Vestager réplique à la critique du sauvetage de Lufthansa

Vestager réplique à la critique du sauvetage de Lufthansa

29 mai 2020 0 Par Village FSE

Vendredi (29 mai), la vice-présidente de la Commission européenne, Margrethe Vestager, a répliqué aux critiques selon lesquelles elle était trop dure avec le plan de sauvetage du transporteur aérien allemand Lufthansa.

Lufthansa et le gouvernement allemand ont convenu cette semaine d'un plan de sauvetage de plus de 9 milliards d'euros, ce qui oblige le gouvernement allemand à prendre une participation de 20% dans la compagnie aérienne, ce qui nécessite désormais le feu vert des régulateurs de la concurrence de la commission.

  • Vestager: «  Il y a un risque élevé que si vous détenez le pouvoir de marché, que vous soyez une grande entreprise impressionnante et que vous recevez beaucoup d'aide, que la concurrence soit perturbée, c'est pourquoi nous demandons un remède '' (Photo: Parlement européen)

Vestager a déclaré que la commission ne « créait pas d'obstacles supplémentaires » – faisant valoir que les entreprises recevant d'importantes injections de capitaux de l'État devaient compenser leur avantage concurrentiel.

« Nous veillons à ce que, lorsqu'une entreprise détenant un pouvoir de marché avec une recapitalisation supérieure à 250 millions d'euros, cette perturbation de la concurrence soit corrigée. Parce que l'économie reprendra et qu'il y aura des concurrents pour toute entreprise ayant un pouvoir de marché et une recapitalisation d'État, qui concurrencera cette entreprise « , a expliqué Vestager aux journalistes à Bruxelles.

« C'est pour pouvoir équilibrer la situation et s'assurer que le marché unique fonctionne toujours », a-t-elle déclaré.

« Il y a un risque élevé que si vous détenez le pouvoir de marché, que vous êtes une grande entreprise impressionnante et que vous recevez beaucoup d'aide, la concurrence soit perturbée, c'est pourquoi nous demandons un remède », a déclaré Vestager.

Lufthansa, quant à elle, a critiqué les régulateurs européens pour avoir demandé à la compagnie aérienne de céder des créneaux horaires dans ses hubs de Francfort et de Munich, où elle détient les deux tiers des parts de marché.

Les régulateurs de la Commission sont sous pression pour examiner les énormes subventions que les gouvernements accordent actuellement pour aider dans la crise des coronavirus. Des milliards d'euros d'aides d'État ont déjà été approuvés dans l'ensemble.

L'eurodéputé allemand Daniel Caspary, qui dirige la délégation parlementaire des chrétiens-démocrates au pouvoir en Allemagne, a critiqué Vestager pour ce qu'il considère comme l'affaiblissement des grandes entreprises européennes.

« Il est pathétique que Mme Vestager décide régulièrement d'affaiblir des sociétés européennes telles que Lufthansa, Alstom, Bombardier sur le marché mondial », a-t-il tweeté.
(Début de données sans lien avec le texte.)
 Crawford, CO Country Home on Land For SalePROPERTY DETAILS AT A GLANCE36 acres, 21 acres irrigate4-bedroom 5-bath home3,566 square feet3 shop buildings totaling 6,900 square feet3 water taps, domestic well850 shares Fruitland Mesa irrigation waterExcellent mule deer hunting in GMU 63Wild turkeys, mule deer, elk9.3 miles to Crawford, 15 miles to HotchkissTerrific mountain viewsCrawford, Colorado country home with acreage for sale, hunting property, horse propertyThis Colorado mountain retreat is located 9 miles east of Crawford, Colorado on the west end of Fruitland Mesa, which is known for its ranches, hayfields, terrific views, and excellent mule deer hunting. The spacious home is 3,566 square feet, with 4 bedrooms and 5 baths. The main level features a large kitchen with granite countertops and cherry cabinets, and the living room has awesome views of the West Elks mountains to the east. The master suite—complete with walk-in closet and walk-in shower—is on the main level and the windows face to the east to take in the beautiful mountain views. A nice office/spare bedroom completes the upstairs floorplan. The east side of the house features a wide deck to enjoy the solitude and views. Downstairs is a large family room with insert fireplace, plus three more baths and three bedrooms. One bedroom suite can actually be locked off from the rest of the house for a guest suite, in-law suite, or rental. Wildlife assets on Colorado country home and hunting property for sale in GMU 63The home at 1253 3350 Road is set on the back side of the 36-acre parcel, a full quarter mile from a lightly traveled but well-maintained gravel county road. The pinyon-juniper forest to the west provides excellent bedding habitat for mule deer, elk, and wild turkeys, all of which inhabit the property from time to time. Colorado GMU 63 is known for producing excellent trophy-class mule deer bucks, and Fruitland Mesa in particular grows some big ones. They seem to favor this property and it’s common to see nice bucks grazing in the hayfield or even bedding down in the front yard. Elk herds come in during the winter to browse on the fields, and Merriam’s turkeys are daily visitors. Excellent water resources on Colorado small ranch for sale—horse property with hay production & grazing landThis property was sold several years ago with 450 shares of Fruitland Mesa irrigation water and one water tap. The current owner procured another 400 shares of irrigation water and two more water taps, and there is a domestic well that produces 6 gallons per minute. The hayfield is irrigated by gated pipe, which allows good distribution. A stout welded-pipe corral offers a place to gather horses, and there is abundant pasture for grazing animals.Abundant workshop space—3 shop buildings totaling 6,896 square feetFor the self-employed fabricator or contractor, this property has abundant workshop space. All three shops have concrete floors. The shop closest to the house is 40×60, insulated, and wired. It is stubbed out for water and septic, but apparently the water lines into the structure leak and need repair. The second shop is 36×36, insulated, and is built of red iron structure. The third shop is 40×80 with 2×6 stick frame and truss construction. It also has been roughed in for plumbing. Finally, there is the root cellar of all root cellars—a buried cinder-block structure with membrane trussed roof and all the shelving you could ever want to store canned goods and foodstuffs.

L'année dernière, la commission a décidé d'interdire la fusion de l'Allemagne Siemens et de la France Alstom pour créer une société ferroviaire européenne, se disant préoccupée par la hausse des prix et des coûts pour les contribuables.
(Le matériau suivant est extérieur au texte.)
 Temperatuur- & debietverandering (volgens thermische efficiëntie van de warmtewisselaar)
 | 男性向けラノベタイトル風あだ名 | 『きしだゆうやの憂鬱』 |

Les gouvernements français et allemand ont soutenu l'accord, et certains ont fait valoir que l'interprétation de Vestager des règles de concurrence entrave le rôle mondial des entreprises européennes.

« De plus, Vestager n'a pas été en mesure de lutter contre le pouvoir de marché excessif d'entreprises comme Amazon, Google, Facebook et autres sur les marchés européens et internationaux. Par cela, elle nuit à la compétitivité mondiale de # l'UE », a expliqué Caspary.
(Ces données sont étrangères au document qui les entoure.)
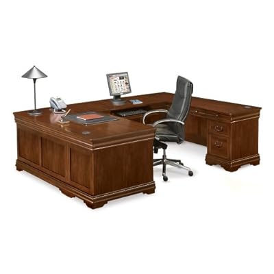 You've made it, and now it's time to savor the moment. This fine Udesk, part of a collection designed exclusively for NBF, exemplifies professionalism, integrity, and hard work the same qualities as you. Offering luxurious details and superb craftsmanship, this Udesk exudes pride and confidence.The Udesk features a singlepedestal desk with bridge and righthand, singlepedestal credenza. Fullextension pedestals are in box/file configuration. Center drawer provided with credenza. Desk and bridge have grommets for wire management. Right return only. Ships partially assembled, simply attach bridge.This product has been Greenguard certified to support better indoor air quality for offices, homes, schools and healthcare facilities. Products that are Greenguard certified are regularly tested to ensure that their chemical and particle emissions meet acceptable pollutant standards. 13265

« Le commissaire Vestager devrait immédiatement approuver le plan de sauvetage de la Lufthansa sans autres exigences », a-t-il ajouté.

La compagnie low-cost Ryanair, qui a également reçu l'aide du gouvernement britannique, a contesté le plan de sauvetage de Lufthansa, arguant que cela fausserait la concurrence.

« Comment des compagnies aériennes comme Ryanair, EasyJet et Laudamotion peuvent-elles concurrencer Lufthansa sur le marché court-courrier à destination et en provenance de l'Allemagne, maintenant qu'elle dispose de 9 milliards d'euros de subventions du gouvernement allemand pour lui permettre de s'engager dans la vente ou l'achat à des prix inférieurs encore plus de concurrence pour les prochaines années « , a déclaré le PDG de Ryanair, Michael O'Leary, plus tôt cette semaine dans un communiqué.